Velocity depends on reliability.
When platform teams talk about reliability, we often talk about it in terms of uptime, SLOs, and incident counts. But how does the concept of reliability fit in with the larger organization?
Reliability is what enables a focus on delivery as the organization continues to grow — it's a core responsibility of a platform team. So what does reliability unlock for the engineers building on top of platform? The answer, I think, falls into four buckets.
Safety – engineers ship without fear.
When the underlying platform is trustworthy, product engineers move faster. They aren't constantly second-guessing whether a deploy will cause a cascade failure, or whether a schema migration will lock a table for ten minutes. Fear is a tax on velocity. Reducing it is a real contribution, which can be measured through a correlation of sentiment surveys and per-team delivery metrics.
Examples from my own work: canary deployments; ingestion backpressure systems; migration helpers that make zero-downtime schema changes safe and easy; standardized background job patterns so teams aren't rolling their own fragile in-process hacks; predictable release rollouts.
Signal – platform owns system health before it becomes a product problem.
If product engineers are the ones noticing that something is wrong, the observability layer is too shallow. If the product engineers are learning about availability or performance issues from users, their priorities may now be shifting mid-sprint, creating project delays.
The goal is for platform to be paged before product. For platform to resolve any issues before end users are affected. That means alerts on infra resources, SLOs on core services, health checks on shared APIs, and proactive scaling, redundancy, and hardening.
When platform is on top of it, product teams stay in flow. That's a velocity improvement, even if it never shows up in a sprint retrospective.
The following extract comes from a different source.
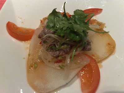 泰式涼拌牛肉:牛肉一般般,但沾醬很好吃,又辣又酸,搭配下面的青木瓜吃,很棒喔
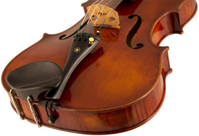 Teka style chinrest with a high, medium plate. Made from black plastic for Violin and Viola. Perfect for players with long necks.

These improvements can be measured by "number of incidents", "risks retired" or "dev hours saved".
Examples from my own work: infra observability and alerting; service level objectives that match to customer expectations; consistent structured logging to enable easy analysis; useful metrics and dashboards that surface the right signal without noise
Speed to resolution – when things break, anyone can navigate it
Incidents will happen. The question is how much drag they create. Structured playbooks and incident response checklists enable the conditions where any engineer can jump in and flowchart their way to resolution, rather than waiting for the one person who knows the system.
Once the immediate incident has been mitigated, this is Platforms time to shine. Incidents can come from anywhere, but Platform is at a particular point of leverage to identify and retire common root factors. Good metrics to watch for include "mean time to acknowledge", "mean time to resolve", as well as general uptime or availability metrics.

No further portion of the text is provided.